The AV valves are invariably abnormal in patients with atrioventricular septal defects. At one end of the spectrum of atrioventricular septal defects, incomplete atrioventricular septal defects, also termed ostium primum atrial septal defects (ASDs), have only a deficiency in the inferior portion of the atrial septum immediately superior to the AV valves and have 2 valve orifices. The other end of the spectrum encompasses complete atrioventricular septal defects, with both ASDs and ventricular septal defects (VSDs) and a single common AV valve.

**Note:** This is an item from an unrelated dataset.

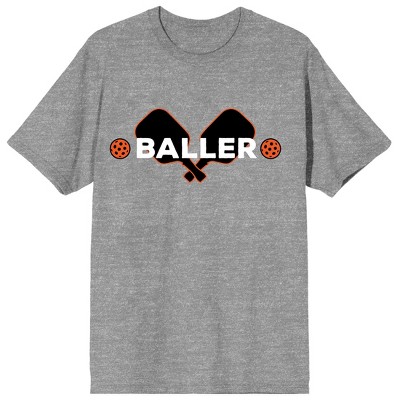 • CUSTOM DESIGN: Stand out on the court with this graphic tee's design showcasing two pickleball paddles and balls behind bold white lettering reading "Baller," adding a stylish edge to your pickleball attire.

In addition to the term “atrioventricular septal defects,” these congenital abnormalities have been described by several other terms, including AV canal defects, endocardial cushion defects, and AV communis.

In 1955, Lillehei and colleagues reported the first successful repair of an atrioventricular (AV) septal defect (AVSD) using the technique of cross circulation. [4] Early mortality rates for the repair of AVSDs were 50%. Complications, including complete heart block and AV valve regurgitation, were also common.

In 1958, Lev delineated the bundle of His, which helped decrease the incidence of heart block following surgery. [5] An improved understanding of the structure and function of the common AV valve and a realization of the importance of closing the mitral cleft led to refinements in surgical technique that have decreased the short-term and long-term incidence of AV valve regurgitation. By the 1970s, improvements in surgical techniques and cardiopulmonary bypass resulted in the ability to repair AVSDs with low morbidity and mortality rates in children. Further refinements have allowed successful repair of even complex variations of AVSDs in infancy.

Atrioventricular septal defects (AVSDs) represent a spectrum of defects involving varying degrees of deficiency of the atrial and ventricular septae. The common pathophysiology is right-to-left shunting at the atrial level, ventricular level, or both. These septal defects are accompanied by atrioventricular (AV) valve abnormalities, which may lead to regurgitation, further complicating the problem. The goals of surgical treatment are to close the atrial and ventricular defects while preserving or improving AV valve function in both the short term and the long term.

The embryologic abnormality in atrioventricular (AV) septal defects (AVSDs) is failure of the proper development of the endocardial cushions, which are responsible for the septation of the atria and ventricles. The exact causal factors are unknown.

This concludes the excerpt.